# DVR-942 No digital sound via HDMI connection



## Alaska1 (Jun 7, 2005)

Connected new 942 to Panasonic Plasma using provided HDMI-DVI adapter cable and am getting no sound. Checked programming on Panasonic and 942, does anyone know if the provided adapter cable passes sound or does one need a HDMI-HDMI cable? Can get sound using analog rca connections or through modulated output. Just can't get digital sound via HDMI.

Jim-Alaska1


----------



## rockfeller (Jun 4, 2005)

I may be wrong, but in the list of bugs 942 has,
it does not pass sound through HDMI/DVI, its kind of future software release.


----------



## n0qcu (Mar 23, 2002)

The HDMI-DVI cable will not pass sound. If the 942 is capable of passing sound to the HDMI you must use a true HDMI-HDMI cable.


----------



## joebird (Sep 15, 2003)

I've done this successfully with my Pioneer plasma. Try setting the sound output to PCM only -- I think the Dolby Digital (which I'm assuming your plasma can't use anyway) has problems via HDMI. But PCM should work.


----------



## Alaska1 (Jun 7, 2005)

Joebird, your posting indicates audio success with a 942 using HDMI? I have not tried PCM only but will give it a shot. The dealer that sold the Panasonic Plasma has never been able to get sound through the HDMI connection and further says the HDMI technology has issues with sound? Have you ever heard about this kind of thing?

Alaska1


----------



## Alaska1 (Jun 7, 2005)

Joe, I tried the PCM only setting without success. I still can't figure out which unit is at fault, the 942 or the Panasonic Plasma. Thanks for the tip...

Alaska1


----------



## joebird (Sep 15, 2003)

Sorry it didn't work out for you. I'll double-check the audio output options when I get things connected back up on Friday and let you know if any of the options (DD, etc) don't work. Though it sounds as if ou are stuck.


----------



## spiff72 (Aug 20, 2004)

I would agree with the statement that an HDMI-DVI adapter cable should not be able to pass audio to your TV.

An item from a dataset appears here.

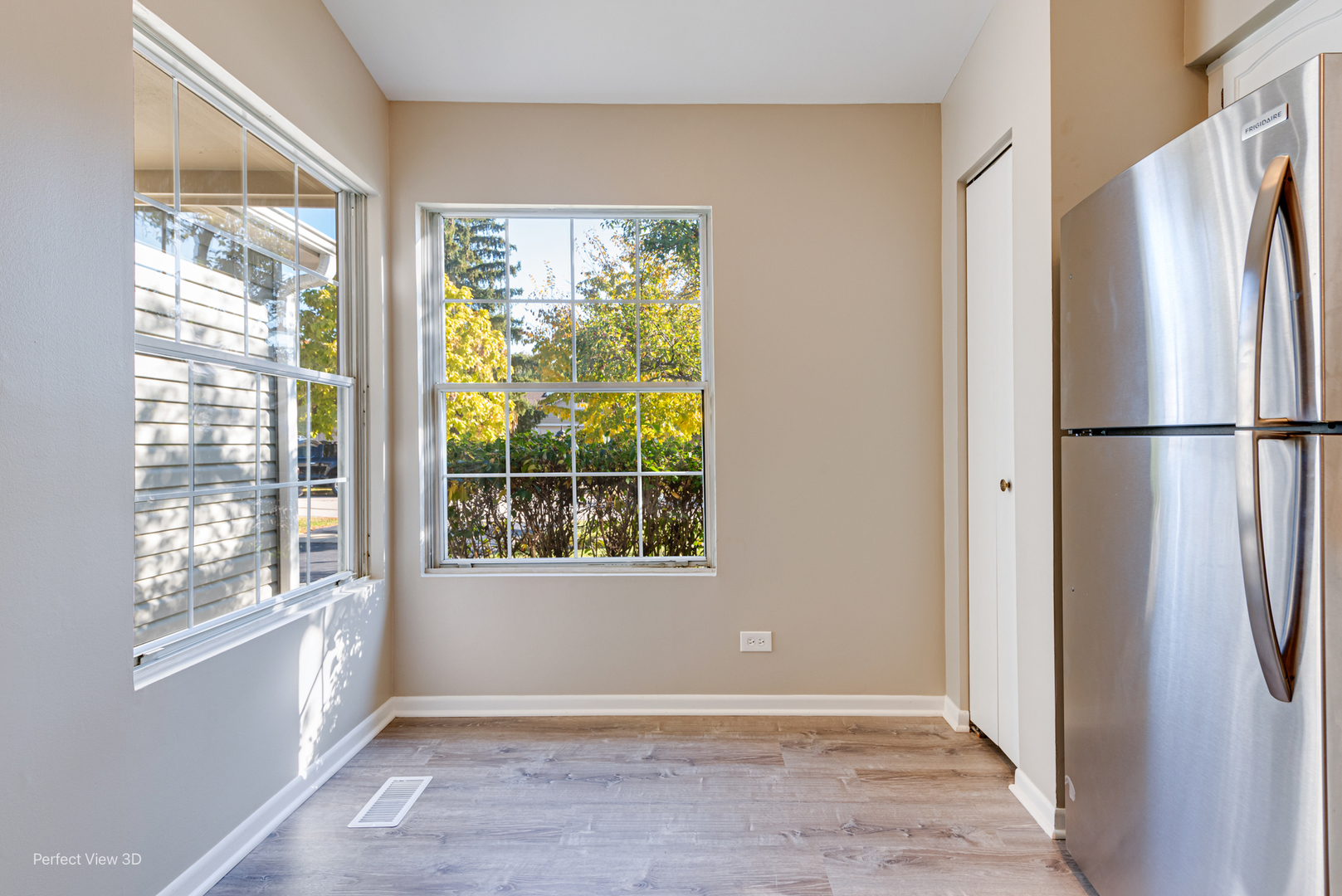 Wonderfully charming and updated two-bedroom, two-bath ranch duplex on quiet street in central Naperville. This home shows magnificently!!! Updates include new roof/skylites, new luxury vinyl plank flooring throughout, new lighting, painted kitchen cabinetry, new refrigerator, new bath fixtures/vanities and smart thermostat. Open floorplan boasts large room sizes, volume vaulted ceilings, lots of light, cozy wood-burning fireplace, eat-in kitchen, and both bedrooms have walk-in closets & full baths! Plenty of storage space plus a large, fully-drywalled and attached 2-car garage. Exterior has been well-maintained and offers a private rear yard with large wood deck. Great location within Naperville School District 203 close to schools, parks, town, shopping, entertainment, expressways, etc. All this and NO HOA FEES!!!

My understanding is that HDMI is a standard that includes both video and audio, but DVI is Video ONLY. (Digital Video Interface - or is it Digital Visual Interface)...


----------



## jakattak (Feb 14, 2005)

spiff72 said:


> My understanding is that HDMI is a standard that includes both video and audio, but DVI is Video ONLY.

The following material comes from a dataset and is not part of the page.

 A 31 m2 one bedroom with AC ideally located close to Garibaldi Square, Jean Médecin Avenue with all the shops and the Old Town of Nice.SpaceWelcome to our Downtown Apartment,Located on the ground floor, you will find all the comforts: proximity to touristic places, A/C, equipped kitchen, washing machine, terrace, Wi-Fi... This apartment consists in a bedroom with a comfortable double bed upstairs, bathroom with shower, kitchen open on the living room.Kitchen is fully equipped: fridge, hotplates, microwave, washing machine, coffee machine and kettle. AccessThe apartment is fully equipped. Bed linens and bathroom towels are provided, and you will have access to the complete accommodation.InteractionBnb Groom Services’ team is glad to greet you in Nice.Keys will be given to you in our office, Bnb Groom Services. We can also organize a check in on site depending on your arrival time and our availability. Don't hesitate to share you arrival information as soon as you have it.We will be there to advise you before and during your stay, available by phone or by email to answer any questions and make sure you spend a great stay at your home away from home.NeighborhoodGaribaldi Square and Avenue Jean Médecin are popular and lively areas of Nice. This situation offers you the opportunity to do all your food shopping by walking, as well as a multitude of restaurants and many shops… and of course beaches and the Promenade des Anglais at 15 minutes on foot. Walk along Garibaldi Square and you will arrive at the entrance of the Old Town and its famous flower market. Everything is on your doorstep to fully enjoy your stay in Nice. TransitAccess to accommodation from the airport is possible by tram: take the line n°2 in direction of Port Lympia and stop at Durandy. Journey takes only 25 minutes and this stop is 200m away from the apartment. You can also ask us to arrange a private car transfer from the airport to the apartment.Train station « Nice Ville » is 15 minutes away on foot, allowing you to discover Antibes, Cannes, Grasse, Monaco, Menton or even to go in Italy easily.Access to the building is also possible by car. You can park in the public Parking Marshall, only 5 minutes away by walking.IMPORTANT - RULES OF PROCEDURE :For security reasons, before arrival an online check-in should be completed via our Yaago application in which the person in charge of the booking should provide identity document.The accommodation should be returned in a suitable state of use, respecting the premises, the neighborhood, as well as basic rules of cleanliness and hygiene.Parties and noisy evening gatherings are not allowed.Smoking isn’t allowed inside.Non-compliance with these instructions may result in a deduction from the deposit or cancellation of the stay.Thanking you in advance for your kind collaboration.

That is precisely correct. DVI is video only. HDMI is full DVI plus multichannel digital audio. A DVI-HDMI cable will not carry audio, as the DVI end of it doesn't accomodate audio... even if you have an HDMI-DVI cable then add a DV-HDMI adapter on the end (I've seen similar questions asked), the audi was already lost at the DVI connection. The only way to get audio via HDMI is with a true HDMI-HDMI cable and both a source and destination that support full HDMI.


----------



## dathead2 (May 17, 2005)

if you don't want to spring for an hdmi to hdmi cable then you could
just hook a digital coax or optical audio cable from the satellite box to the
tv (or receiver or whatever). of course if you don't have a digital
audio cable and have to buy one, then you might as well just buy the
hdmi cable. $20 should buy you a half decent version of any of those
three cables (of course you can always spend less or more on cables)

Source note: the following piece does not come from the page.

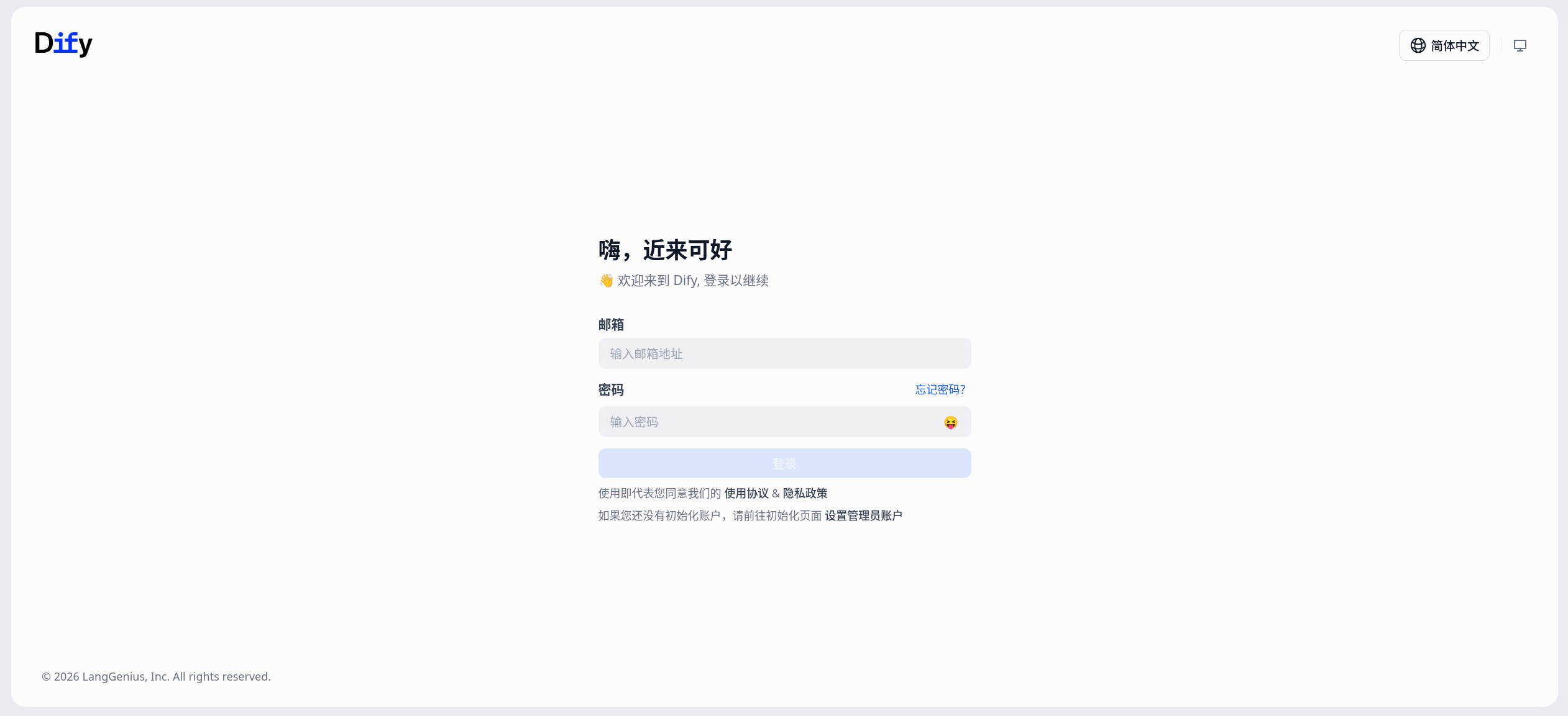 通过浏览器打开访问地址后,通常会看到 Dify 的首次初始化向导。你可以按页面提示完成以下动作:

i have not tried this yet but see no reason why it wouldn't work.


----------



## joebird (Sep 15, 2003)

I got my 942 hooked back up today with my Pioneer plasma. I'm using the HDMI cable out of the 942 with the included adapter (HDMI-->DVI-->HDMI), so I've got HDMI at both ends. I have the 924 set up with PCM/Line in the Dolby Digital menu and I get stereo audio out of the Pioneer just fine. The HDMI cable is the only connection between the two.


----------



## cleblanc (Dec 18, 2003)

Okay I've read through all the posts on this topic and can see that digital sound is not being passed through the HDMI connection. So I had to hook my optical cable back up. This totally defeats the purpose of using HDMI. I have a new Denon 3806 receiver and want to be able to use the HDMI-HDMI connection. My question is - does Dish acknowledge that this is a 942 bug and will it be fixed in a future software upgrade. Or is it a hardware issue that can not and will not be fixed?


----------



## Mike Johnson (Jan 16, 2005)

To my knowledge, it has never been acknowledged as a "bug". It should be requested to be added on the "Feature Request" thread: http://www.dbstalk.com/showthread.php?t=42096


----------



## CABill (Mar 20, 2005)

cleblanc said:


> Okay I've read through all the posts on this topic and can see that digital sound is not being passed through the HDMI connection.
> 
> Or is it a hardware issue that can not and will not be fixed?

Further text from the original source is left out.